Australian basketball player (born 1988)

Patrick Sammie Mills (born 11 August 1988) is an Australian professional basketball player for ASVEL of the French LNB Élite and the EuroLeague. He is the general manager of the Hawaii Rainbow Warriors basketball program at the University of Hawai'i at Mānoa. Mills was born and raised in Canberra, and is of Torres Strait Islander and Aboriginal Australian (Kokatha and Dauareb-Meriam) descent. In 2007, he became the third Indigenous basketball player to play for the Australian national team. Mills was selected by the Portland Trail Blazers with the 55th overall pick in the 2009 NBA draft after playing two years of college basketball for the Saint Mary's Gaels.

Mills played for the Portland Trail Blazers for two seasons. In 2011, during the NBA lockout, he played for the Melbourne Tigers of the National Basketball League (NBL) and for the Xinjiang Flying Tigers in China. Mills returned to the United States in March 2012 and signed with the San Antonio Spurs. He became a strong contributor off the bench and helped the Spurs win the 2014 NBA championship. In 2021 he led the Australian Boomers to their first-ever Olympic medal at the Tokyo 2020 Olympics. While with the Boomers, he is often referred to as "FIBA Patty" for his high level performances in the Olympics where he is the 5th highest scorer in Olympic basketball history. Mills is well known for his three-point shooting and his leadership qualities.

==Early life and family==
Mills was born in the Australian capital city of Canberra. Mills' father, Benny, is a Torres Strait Islander (Muralag) and his mother, Yvonne, is Aboriginal Australian (Kokatha), the daughter of a white man and an Aboriginal woman. As part of the Stolen Generations, she and her four siblings were taken from their parents by the Australian state after her parents' separation in 1949. Mills has said that learning of his mother's past was a "turning point" in his understanding of his identity as Indigenous Australian.

Mills' uncle is former Olympian basketballer Danny Morseu, the second Indigenous Australian to represent Australia at the Olympics in basketball; Mills would be the third, thirty years later. He is the cousin of rugby league player Edrick Lee, and fellow basketball player Nathan Jawai. Mills' great-uncle is Indigenous land rights activist Eddie Mabo.
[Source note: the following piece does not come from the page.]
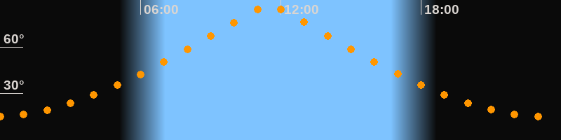| Höchster Stand (Kulmination) | 11:30 Uhr (h = 86,4°) |
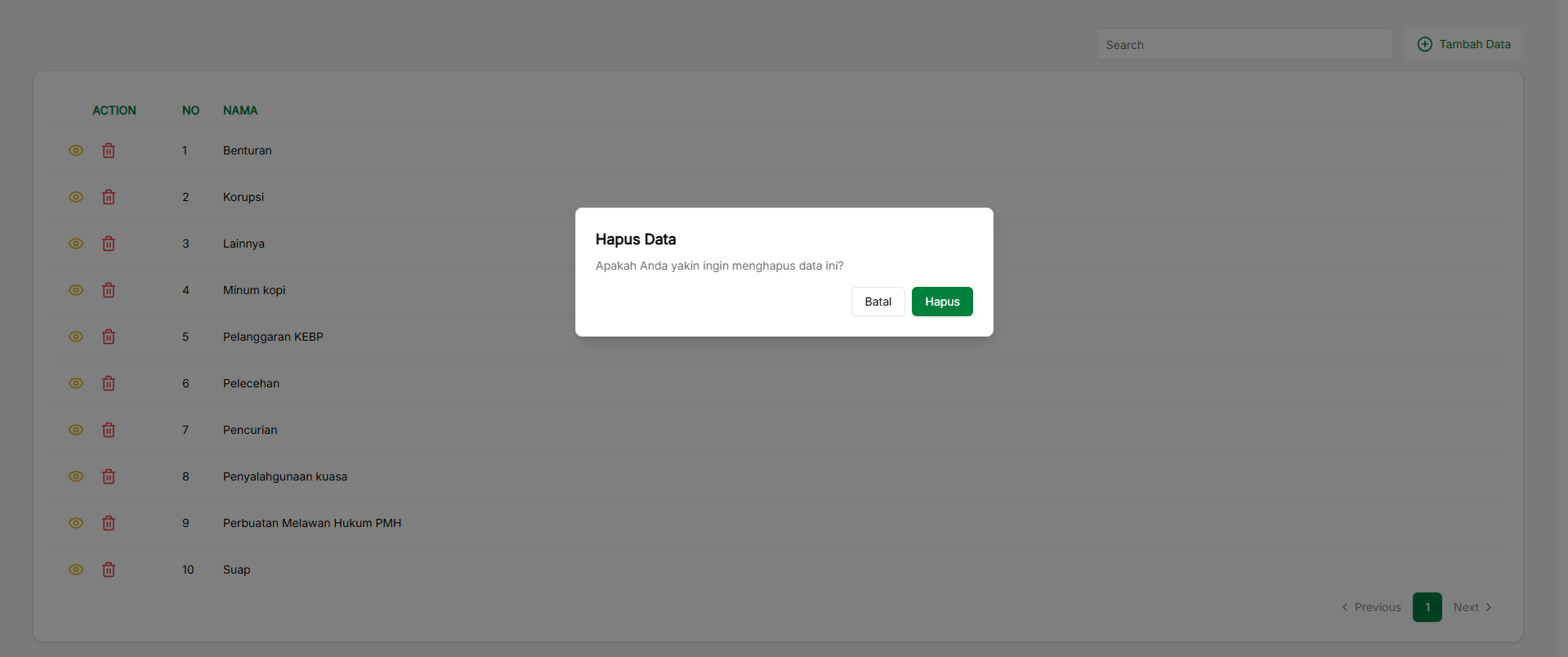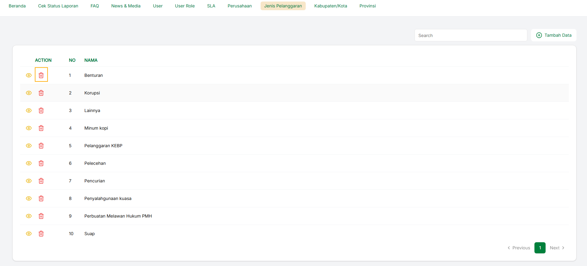 Untuk menghapus data Jenis Pelanggaran yang sudah ada, kita bisa menekan tombol dengan icon

==Early basketball career==
Mills first took up basketball as a four-year-old for a local Indigenous club his parents established called "The Shadows". Growing up, he was the ball boy for the Canberra Cannons of the National Basketball League (NBL). Mills' future coach at Saint Mary's College of California, David Patrick, played for the Cannons during that time and developed a relationship with the Mills family.

In addition to playing basketball, Mills also played underage Australian rules football at a high level. He had an opportunity to pursue a career in the Australian Football League (AFL), but decided to concentrate on basketball instead. In 2005, he made a strong impression at the Australian Olympic Youth Festival, an event considered to be a showcase for future elite sporting talents.

Mills initially attended Canberra's Marist College, going on to attend the Australian Institute of Sport between 2005 and 2007 as well as Lake Ginninderra College.

In January 2006, Mills was awarded the prestigious RE Staunton Medal at the U20 Nationals in Perth. As a member of the 2006 Junior National Men's Team, Mills helped Australia defeat New Zealand and qualify for the 2007 Junior Men's World Championships. In April, Mills was a member of the World Junior Select Team that competed against the United States in the Nike Hoop Summit. With the AIS men's team in the South East Australian Basketball League (SEABL), Mills was named the 2006 U/21 Australian Youth Player of the Year, averaging 18.1 points and 3.9 rebounds per game and helping the AIS to a 16–10 regular season record. He finished the SEABL season third in assists, averaging 4.37 per game.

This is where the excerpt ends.